### Task brief
What you return must match the listing below exactly, minus any pictures.

### Collected material

☆ ☆ ☆ ☆ ☆ ☆ ☆

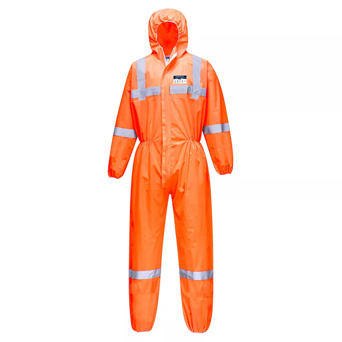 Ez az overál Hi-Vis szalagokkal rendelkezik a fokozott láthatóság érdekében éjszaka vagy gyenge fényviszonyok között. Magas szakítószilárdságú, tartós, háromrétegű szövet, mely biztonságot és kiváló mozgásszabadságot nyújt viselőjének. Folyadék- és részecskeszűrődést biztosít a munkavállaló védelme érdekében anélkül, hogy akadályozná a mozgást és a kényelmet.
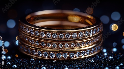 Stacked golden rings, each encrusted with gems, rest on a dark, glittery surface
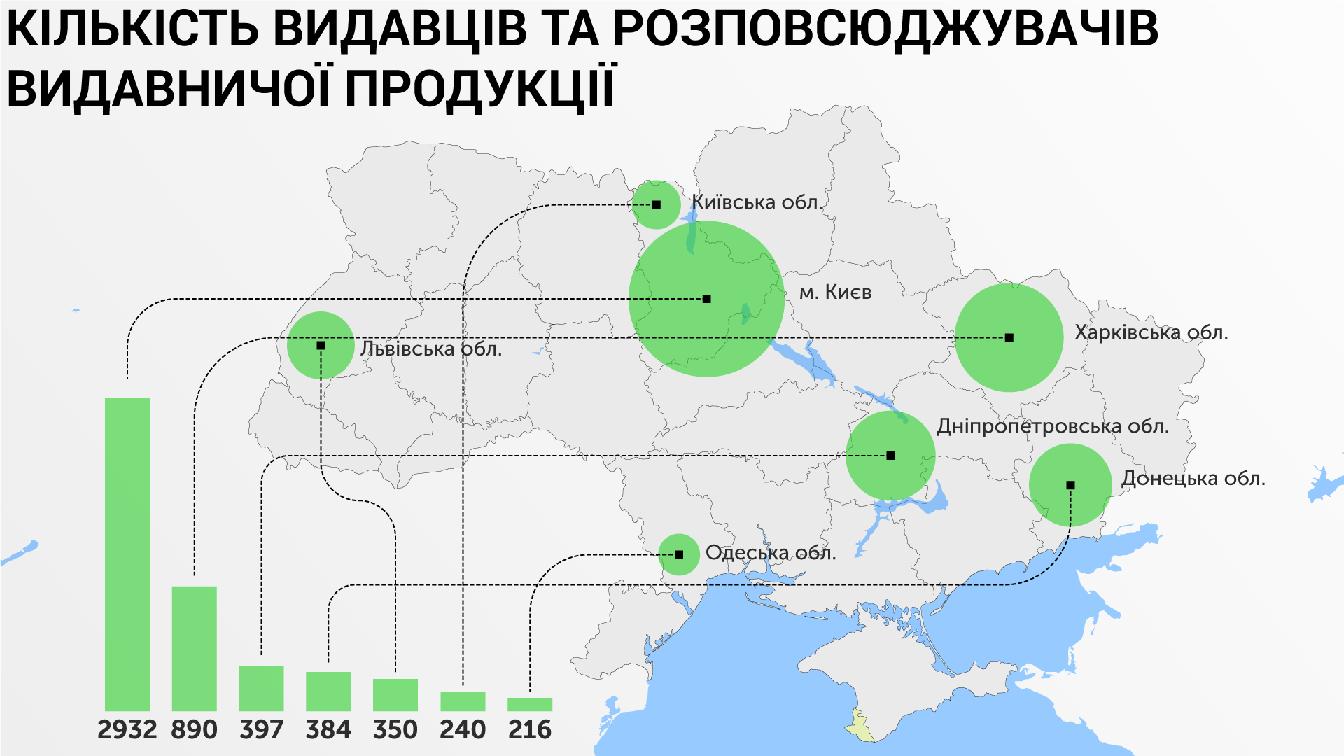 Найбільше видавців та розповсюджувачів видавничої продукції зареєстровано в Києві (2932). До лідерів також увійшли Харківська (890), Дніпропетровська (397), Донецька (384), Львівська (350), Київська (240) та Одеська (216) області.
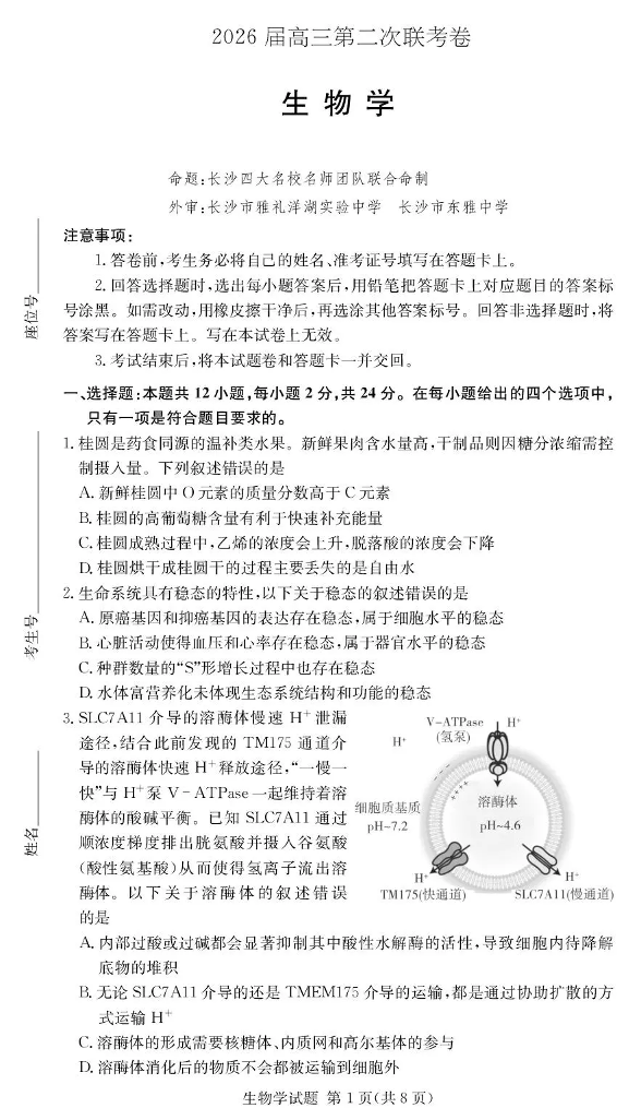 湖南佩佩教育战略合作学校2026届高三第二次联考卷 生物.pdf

☆ ☆ ☆ ☆ ☆ ☆ ☆

### Solution for this exercise
 Ez az overál Hi-Vis szalagokkal rendelkezik a fokozott láthatóság érdekében éjszaka vagy gyenge fényviszonyok között. Magas szakítószilárdságú, tartós, háromrétegű szövet, mely biztonságot és kiváló mozgásszabadságot nyújt viselőjének. Folyadék- és részecskeszűrődést biztosít a munkavállaló védelme érdekében anélkül, hogy akadályozná a mozgást és a kényelmet.
 Stacked golden rings, each encrusted with gems, rest on a dark, glittery surface
 Найбільше видавців та розповсюджувачів видавничої продукції зареєстровано в Києві (2932). До лідерів також увійшли Харківська (890), Дніпропетровська (397), Донецька (384), Львівська (350), Київська (240) та Одеська (216) області.
 湖南佩佩教育战略合作学校2026届高三第二次联考卷 生物.pdf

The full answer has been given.